Splitting Paragraphs

By default, the source texts – and thus the target texts – are displayed and edited in the form of paragraphs in crossDesk. Instead of this paragraph-based display and editing of the texts, you can also select sentence-based display and editing in crossDesk. In this way, paragraphs comprising several sentences are split into individual sentences and displayed separately. The so-called splitting of paragraphs greatly facilitates the processing especially of documents with many long paragraphs in crossDesk.

Additionally, you can also determine that paragraphs exceeding a certain number of characters be split.

You can select sentence-based paragraph splitting for each individual format and, by using different document templates, for certain documents via the Splitting Settings button under Tools > System Settings > Document Settings > desired document template.

Splitting must be selected before a document is checked in and can not be undone. To undo the splitting, you must check in the respective document once more without splitting.

The settings defined in the document settings templates, e.g. those for locking paragraphs, are applied before the splitting. Thus, the paragraphs will first be locked and then split.

The splitting is not applied to paragraphs of ML formats (HTML, SGML, and XML) with length restriction.

Sentence-Based Splitting of Paragraphs

Sentence-based splitting of paragraphs can be selected using a corresponding option in the splitting settings of the respective document settings template.

The following example demonstrates by means of a paragraph consisting of three sentences how sentence-for-sentence splitting works:

Sentence-based splitting
Paragraph-based splitting
cDesk_source-view_segmentierung-satzbasiert
cDesk_source-view_segmentierung-absatzbasiert
The paragraph has been split into three sentences. Each sentence is displayed separately in crossDesk.
All three sentences of the paragraph are displayed in one paragraph in crossDesk.

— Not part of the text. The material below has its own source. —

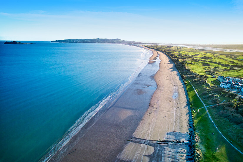 Am nordöstlichen Rand der irischen Metropole gelegen, erreicht ihr Portmarnock mit dem Bus H2 in Richtung Malahide in etwa 40 Minuten von der Dubliner Innenstadt. Von Portmarnock aus führt ein schöner Fußweg durch die Dünen- und Graslandschaft an die Küste. Mit dem Mietwagen könnt ihr sogar direkt bis zum Strand fahren. Im Ort gibt es Restaurants und Supermärkte, falls ihr keine Verpflegung dabeihabt.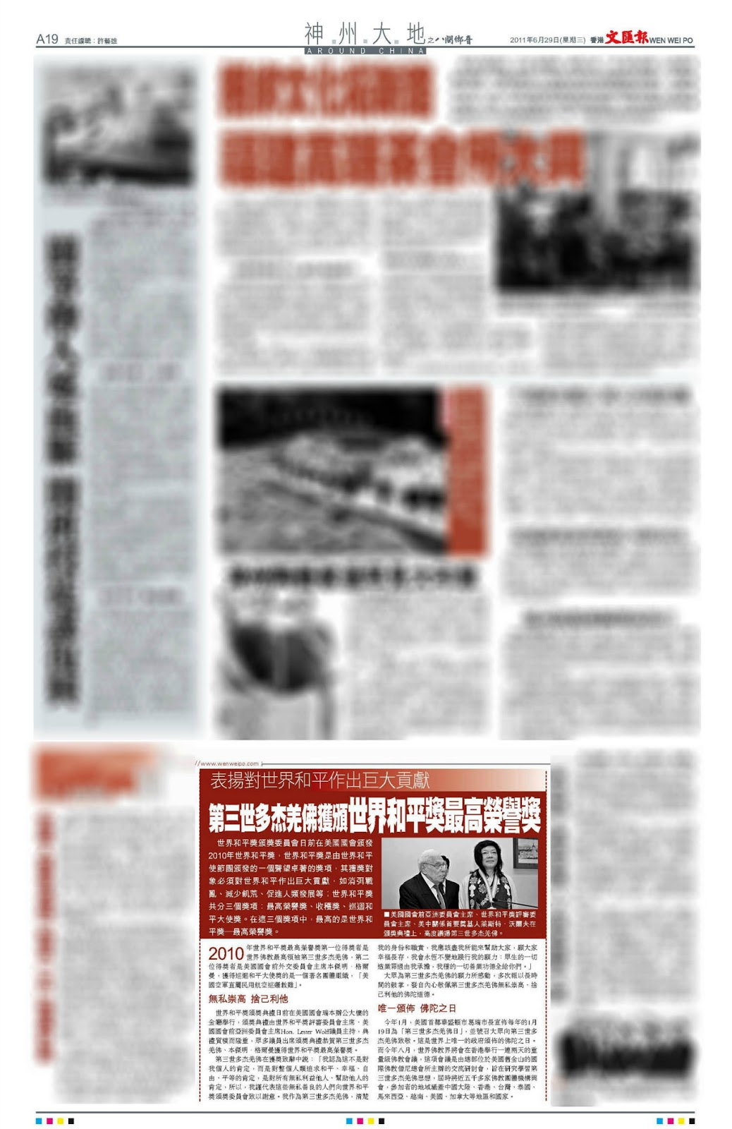「世界和平獎評審委員會」於2011年6月27日 在美國國會金廳舉行了隆重的頒獎儀式,向2010年「世界和平獎最高榮譽獎」得主:世界佛教領袖第三世多杰羌佛、前美國國會「眾議院外交委員會」主席本傑明.格爾曼的致敬。該慶典由「世界和平獎」創辦人韓敏洙 先生主持。蒞臨的嘉賓有多位國會議員及來自世界各地的貴賓。其中包括美國「參議院撥款委員會」委員馬克.可克先生;前國會參議員史蒂夫.司明 先生;「眾議院國際事務委員會」主席綺蓮那.樂斯.雷提寧 女士;「眾議院監督及政府改革委員會」主席達雷爾.以薩先生;「眾議院司法委員會」委員史蒂夫.查博 先生;「眾議院國土安全事務委員會」委員希拉.傑克遜.李 女士;「眾議院交通運輸及鐵路小組委員會」主席的歌蓮.佈朗女士等。他們皆稱讚各獲獎人的卓越成就,為世界和平及教化作出努力,實至名歸。「世界和平獎」多年來持續地表揚為建立及維護和平作出努力的人士。

When using sentence splitting, no sentence detection will be performed in the Target Editor, as all source-language paragraphs merely contain one sentence.

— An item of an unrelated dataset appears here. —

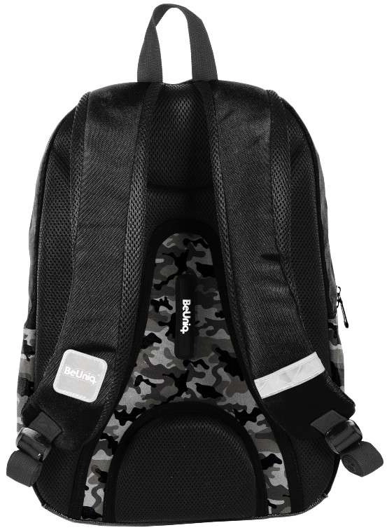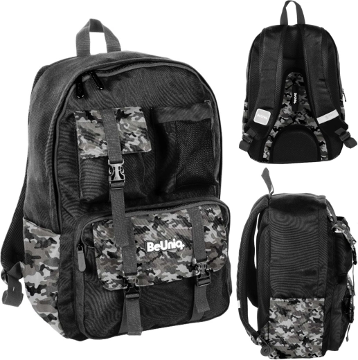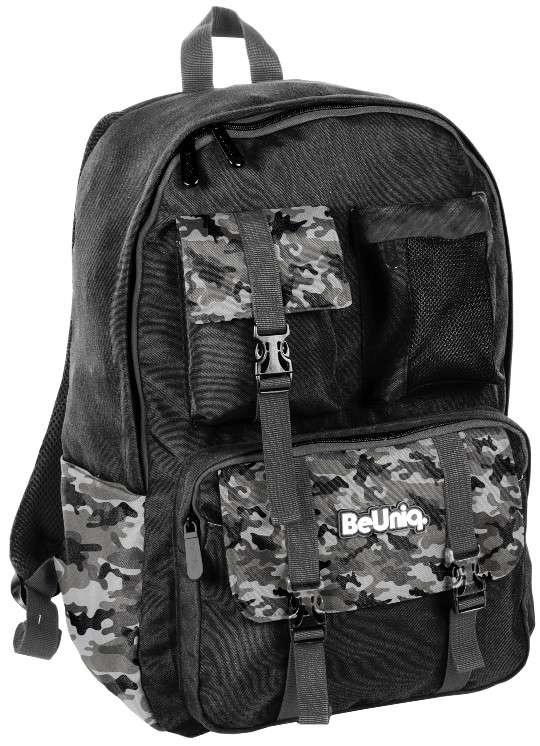 Tražite pouzdanu školsku torbu za svaki dan? BeUniq Moro spaja moderan maskirni dizajn i funkcionalnost: jedan veliki pretinac za udžbenike i bilježnice formata A4, tri prednja džepa na patent za sitnice i dva bočna tekstilna džepa za bocu. Ojačana, anatomski oblikovana leđa s prozračnom mrežicom i udobne ramene naramenice s podešavanjem osiguravaju komfor i pri punom opterećenju.

Across performs the sentence-based paragraph splitting on the basis of the sentence detection settings. These can be accessed in the Language settings section in the system settings under Tools > System Settings > General > Language Settings.

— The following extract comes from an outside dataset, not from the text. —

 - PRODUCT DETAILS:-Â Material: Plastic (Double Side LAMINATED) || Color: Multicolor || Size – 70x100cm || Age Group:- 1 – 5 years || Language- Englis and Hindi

Trimming of Leading and Trailing Whitespace Characters

An additional option allows you to determine that leading and trailing whitespace characters before and after the sentences to be translated are to be trimmed in crossDesk during the translation of the document.

By default, the whitespaces between the sentences in the original paragraphs are displayed in crossDesk in the course of the sentence splitting (except for an individual normal whitespace, which is always automatically hidden). Using the option for trimming leading and trailing whitespace characters, these leading and trailing whitespace characters can automatically be trimmed in crossDesk. During check-out, the trimmed whitespaces are automatically reinserted in the target document.

The option especially affects the storage of the translation units in crossTank: If the option is activated, the translation units will be stored to crossTank without leading and trailing whitespaces. As a result, the match rates of the crossTank search hits will be better, and the number of translation units stored will be smaller.

Example

The following example demonstrates the functionality of the option by means of a paragraph consisting of two sentences separated by a tab:

Whitespace trimming option deactivated
Whitespace trimming option activated
cDesk_source-view_ohne-whitespace-tilgung
cDesk_source-view_mit-whitespace-tilgung
The tab has not been removed and is therefore displayed before the second sentence.
The tab has been removed and is therefore not displayed before the second sentence.

Apart from normal whitespaces (0x0020), the trimmed whitespace characters may also be tabs or no-break spaces. The option takes all characters defined as whitespaces in the language settings into consideration.

sysset_allg_spracheinstellungen_wildcards
  • By default, the following characters are defined as whitespaces:
  • NULL character
  • Horizontal tab
  • Spaces
  • Carriage return
  • Line feed
  • Vertical tab (soft return)

Splitting Paragraphs after Certain Number of Characters

Splitting of paragraphs after a certain number of characters can be selected using a corresponding option in the splitting settings of the respective document settings template. After activating the option, indicate a desired number of characters (including spaces) after which the splitting should be applied.

  • The splitting of paragraphs that are longer than the specified number of characters is governed by the following rules (example: paragraph splitting after 400 characters):
  • If the paragraph consists of several sentences, it will be split after the end of the last complete sentence before the defined number of characters is reached.
  • If the paragraph consists of a single sentence, it will be split according to the defined number of characters. Words are not split. If the defined number of characters is reached within a word, the paragraph will be split before this word.
  • If the number of characters in the paragraph exceeds the defined number of characters by multiples, the paragraph will be split into multiple paragraphs.

The following example shows how the splitting after a certain number of characters works:

No splitting
Split paragraph after 400 characters
cDesk_source-view_kein-splitting-nach-400-zeichen
cDesk_source-view_splitting-nach-400-zeichen
The paragraph has not been split and is displayed as one paragraph in crossDesk.
The paragraph contains more than 400 characters and has therefore been split after the last sentence before the number of 400 characters is reached.